_Goal of the exercise_.
Pictures stay out. Extract the lines below from the first one through the line with "The size is", both included.

*** Provided data ***

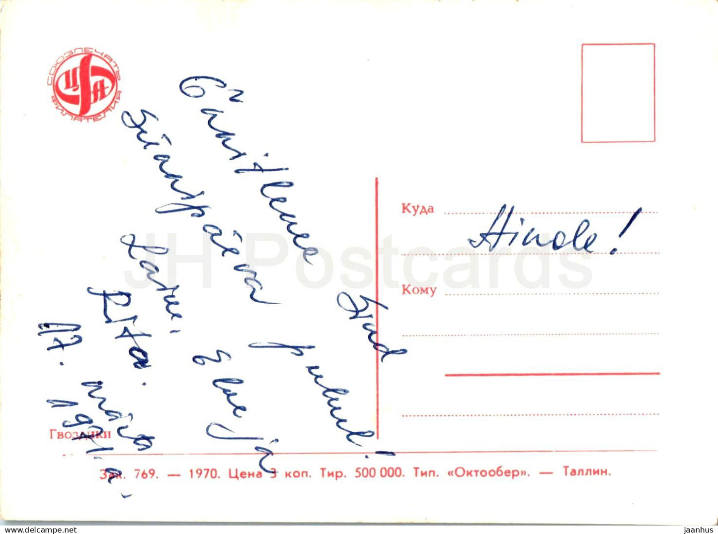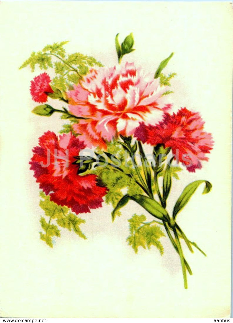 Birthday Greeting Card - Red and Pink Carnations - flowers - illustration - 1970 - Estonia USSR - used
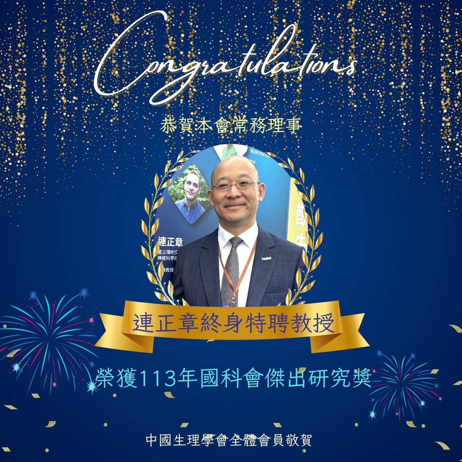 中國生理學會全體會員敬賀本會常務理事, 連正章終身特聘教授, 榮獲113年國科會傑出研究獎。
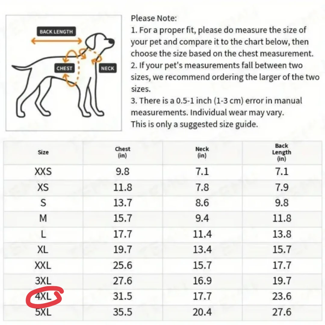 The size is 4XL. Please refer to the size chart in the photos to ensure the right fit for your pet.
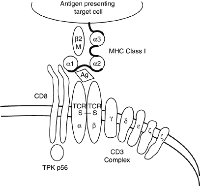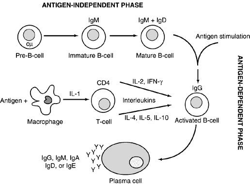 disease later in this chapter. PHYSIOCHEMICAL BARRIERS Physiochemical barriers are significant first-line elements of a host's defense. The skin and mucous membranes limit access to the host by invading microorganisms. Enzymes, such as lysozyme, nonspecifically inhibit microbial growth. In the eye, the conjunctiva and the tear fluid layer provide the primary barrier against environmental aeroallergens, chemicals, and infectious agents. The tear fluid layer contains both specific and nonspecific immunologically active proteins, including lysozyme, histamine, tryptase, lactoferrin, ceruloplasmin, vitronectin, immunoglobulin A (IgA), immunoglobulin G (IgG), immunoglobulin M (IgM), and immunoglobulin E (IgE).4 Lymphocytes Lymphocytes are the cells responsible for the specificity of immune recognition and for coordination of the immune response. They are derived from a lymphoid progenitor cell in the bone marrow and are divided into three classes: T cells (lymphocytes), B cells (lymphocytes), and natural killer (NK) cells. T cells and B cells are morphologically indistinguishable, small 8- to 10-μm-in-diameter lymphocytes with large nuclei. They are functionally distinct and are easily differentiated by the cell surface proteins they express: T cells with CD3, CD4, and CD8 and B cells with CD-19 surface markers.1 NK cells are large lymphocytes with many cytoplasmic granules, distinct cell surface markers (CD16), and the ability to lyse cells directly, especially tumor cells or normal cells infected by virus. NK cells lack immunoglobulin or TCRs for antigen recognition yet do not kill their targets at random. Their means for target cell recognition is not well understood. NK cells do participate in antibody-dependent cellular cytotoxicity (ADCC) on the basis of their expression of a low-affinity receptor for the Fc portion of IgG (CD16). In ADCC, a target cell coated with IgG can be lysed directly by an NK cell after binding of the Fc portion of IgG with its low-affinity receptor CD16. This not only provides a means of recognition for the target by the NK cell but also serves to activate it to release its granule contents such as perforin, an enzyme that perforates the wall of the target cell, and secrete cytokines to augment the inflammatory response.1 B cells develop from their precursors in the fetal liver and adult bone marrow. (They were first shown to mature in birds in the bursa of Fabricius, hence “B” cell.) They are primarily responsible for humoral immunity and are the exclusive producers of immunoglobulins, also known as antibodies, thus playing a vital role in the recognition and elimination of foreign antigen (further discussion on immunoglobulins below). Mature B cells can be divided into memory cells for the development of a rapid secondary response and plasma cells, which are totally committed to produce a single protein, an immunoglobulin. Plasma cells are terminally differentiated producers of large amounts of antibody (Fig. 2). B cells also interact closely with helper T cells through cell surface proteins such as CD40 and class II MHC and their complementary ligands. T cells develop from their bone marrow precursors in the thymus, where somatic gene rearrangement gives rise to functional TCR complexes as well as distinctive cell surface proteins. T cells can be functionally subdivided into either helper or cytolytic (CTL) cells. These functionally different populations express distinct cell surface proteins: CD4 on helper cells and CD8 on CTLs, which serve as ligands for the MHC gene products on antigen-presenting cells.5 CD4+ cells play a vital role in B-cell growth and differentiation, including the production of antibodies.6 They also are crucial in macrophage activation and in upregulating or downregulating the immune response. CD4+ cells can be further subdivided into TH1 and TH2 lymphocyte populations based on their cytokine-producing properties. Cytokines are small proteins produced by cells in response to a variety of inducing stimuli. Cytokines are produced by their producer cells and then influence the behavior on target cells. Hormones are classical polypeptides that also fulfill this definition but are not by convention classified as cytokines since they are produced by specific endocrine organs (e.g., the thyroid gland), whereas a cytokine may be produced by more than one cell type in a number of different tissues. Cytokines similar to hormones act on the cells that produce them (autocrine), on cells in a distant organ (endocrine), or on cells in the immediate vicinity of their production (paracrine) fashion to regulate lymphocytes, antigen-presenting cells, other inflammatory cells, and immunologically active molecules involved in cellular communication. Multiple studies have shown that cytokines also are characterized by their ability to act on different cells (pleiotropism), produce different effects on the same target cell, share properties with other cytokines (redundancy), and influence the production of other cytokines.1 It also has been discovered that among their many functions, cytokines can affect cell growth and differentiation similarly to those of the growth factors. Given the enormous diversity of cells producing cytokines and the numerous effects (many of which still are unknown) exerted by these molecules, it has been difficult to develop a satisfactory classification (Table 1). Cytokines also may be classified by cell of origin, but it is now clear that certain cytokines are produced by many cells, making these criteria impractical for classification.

*** End of Provided data ***

_Answer to the problem_.
 Birthday Greeting Card - Red and Pink Carnations - flowers - illustration - 1970 - Estonia USSR - used
 中國生理學會全體會員敬賀本會常務理事, 連正章終身特聘教授, 榮獲113年國科會傑出研究獎。
 The size is 4XL. Please refer to the size chart in the photos to ensure the right fit for your pet.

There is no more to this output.